*DATASET EXTRACT:*
::::
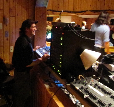 January is a good time to book a rocking show. There's not much else happening and if a snow storm doesn't wipe you out, people come out for some fun. The Alexis P Suter Band on Thursday night brought in a big enthusiatic crowd who were totally with her. Their live performance of "Rise" was thrilling. I took the shot above from my seat, pushed my way through dancers in the balcony to get the band shot and grabbed a picture of Andy LeBlanc, the sound guy, on the way by.
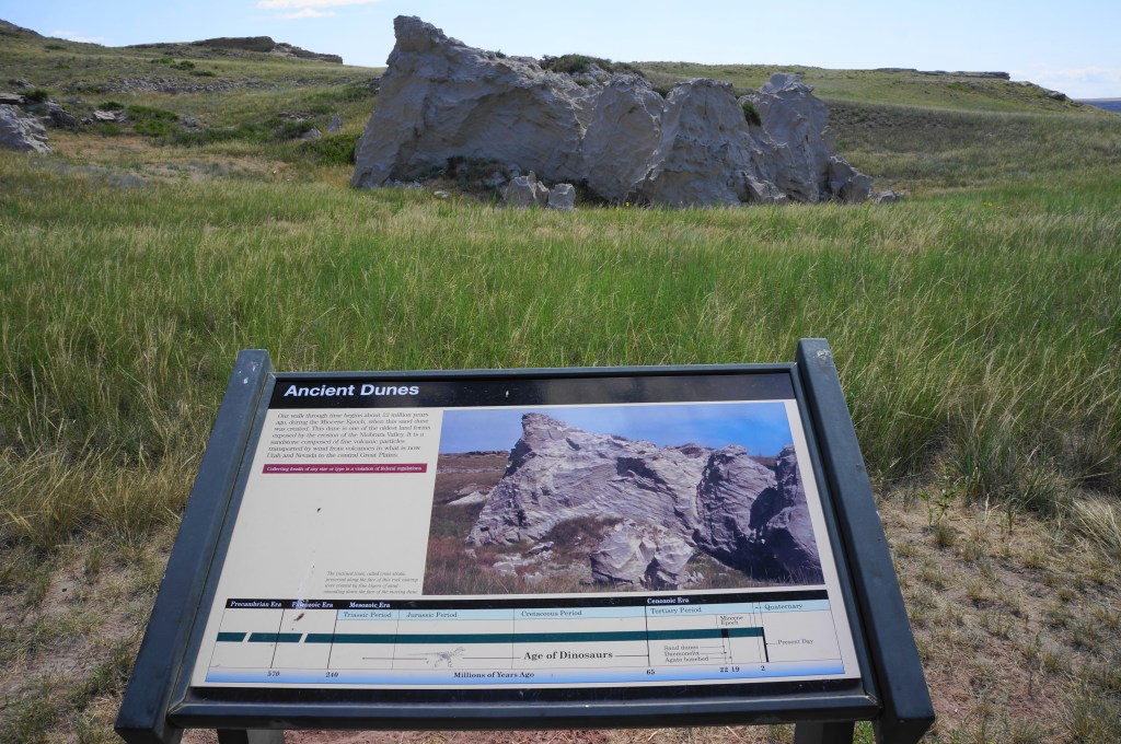 The Daemonelix Trail begins from the first pull-off on the left after entering Agate Fossil Beds National Monument on River Road. The parking lot includes several waysides highlighting nearby attractions in Nebraska, South Dakota, and Wyoming, as well as a map of the one-mile stem-and-loop trail. The easy, pebbled track begins by setting out northward toward the sandstone and limestone bluffs, passing under telephone lines and coming adjacent with a clutch of wavy stones on the right that are remnants of an ancient sand dune.
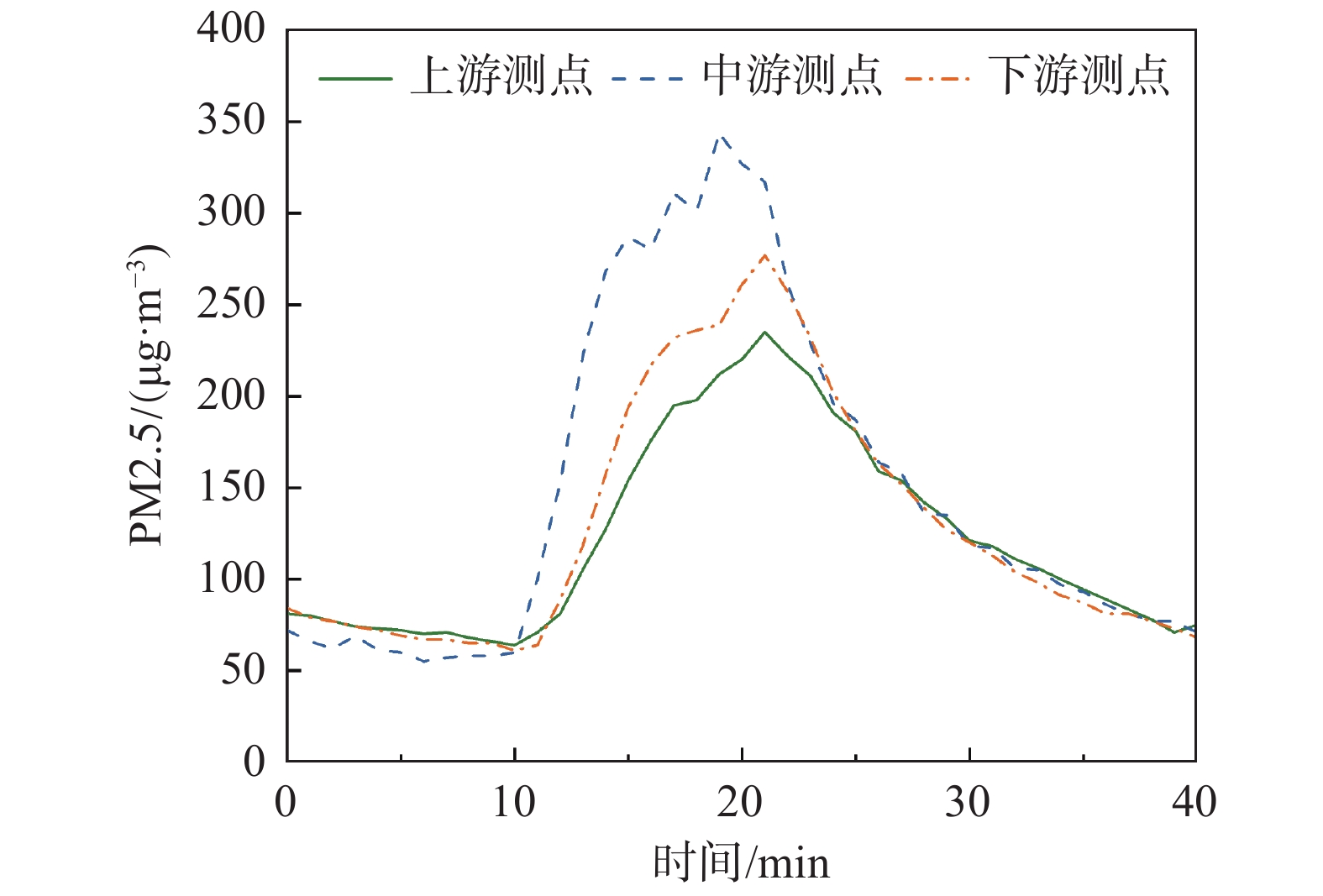 从图3中可以看出,实验最初十分钟,即污染物发生装置开启之前,客室的颗粒物浓度呈现小幅下降趋势,这是由于安装在空调系统中的G2滤网对空气起到了一定的净化作用。在污染物发生装置开启之后,中游测点由于受到列车客室内纵向流动的影响,其污染物浓度上升的速度明显高于其余两个测点,且PM2.5峰值浓度也高于次高的下游测点24.18 %。此外,下游测点的污染物浓度上升速度也明显高于上游测点,其峰值浓度高于上游测点17.87%。值得注意的是,虽然本研究通过热线风速仪对客室环境中的流速和流向的测试发现环境中存在0.6 m/s左右的持续纵向流动。但是图3中的实验结果表明,分布在上游测点和中游测点之间的污染物颗粒发生器产生的污染物同样能造成上游测点污染物浓度的显著提升。这种现象是由于客室内装结构和送风风道、回风风道和废排风道的导致的局部湍流效应造成了空气对流效应下空气污染物颗粒从下游向上游方向的传递。
::::
Set down all of the data word for word; no pictures belong in it.

 January is a good time to book a rocking show. There's not much else happening and if a snow storm doesn't wipe you out, people come out for some fun. The Alexis P Suter Band on Thursday night brought in a big enthusiatic crowd who were totally with her. Their live performance of "Rise" was thrilling. I took the shot above from my seat, pushed my way through dancers in the balcony to get the band shot and grabbed a picture of Andy LeBlanc, the sound guy, on the way by.
 The Daemonelix Trail begins from the first pull-off on the left after entering Agate Fossil Beds National Monument on River Road. The parking lot includes several waysides highlighting nearby attractions in Nebraska, South Dakota, and Wyoming, as well as a map of the one-mile stem-and-loop trail. The easy, pebbled track begins by setting out northward toward the sandstone and limestone bluffs, passing under telephone lines and coming adjacent with a clutch of wavy stones on the right that are remnants of an ancient sand dune.
 从图3中可以看出,实验最初十分钟,即污染物发生装置开启之前,客室的颗粒物浓度呈现小幅下降趋势,这是由于安装在空调系统中的G2滤网对空气起到了一定的净化作用。在污染物发生装置开启之后,中游测点由于受到列车客室内纵向流动的影响,其污染物浓度上升的速度明显高于其余两个测点,且PM2.5峰值浓度也高于次高的下游测点24.18 %。此外,下游测点的污染物浓度上升速度也明显高于上游测点,其峰值浓度高于上游测点17.87%。值得注意的是,虽然本研究通过热线风速仪对客室环境中的流速和流向的测试发现环境中存在0.6 m/s左右的持续纵向流动。但是图3中的实验结果表明,分布在上游测点和中游测点之间的污染物颗粒发生器产生的污染物同样能造成上游测点污染物浓度的显著提升。这种现象是由于客室内装结构和送风风道、回风风道和废排风道的导致的局部湍流效应造成了空气对流效应下空气污染物颗粒从下游向上游方向的传递。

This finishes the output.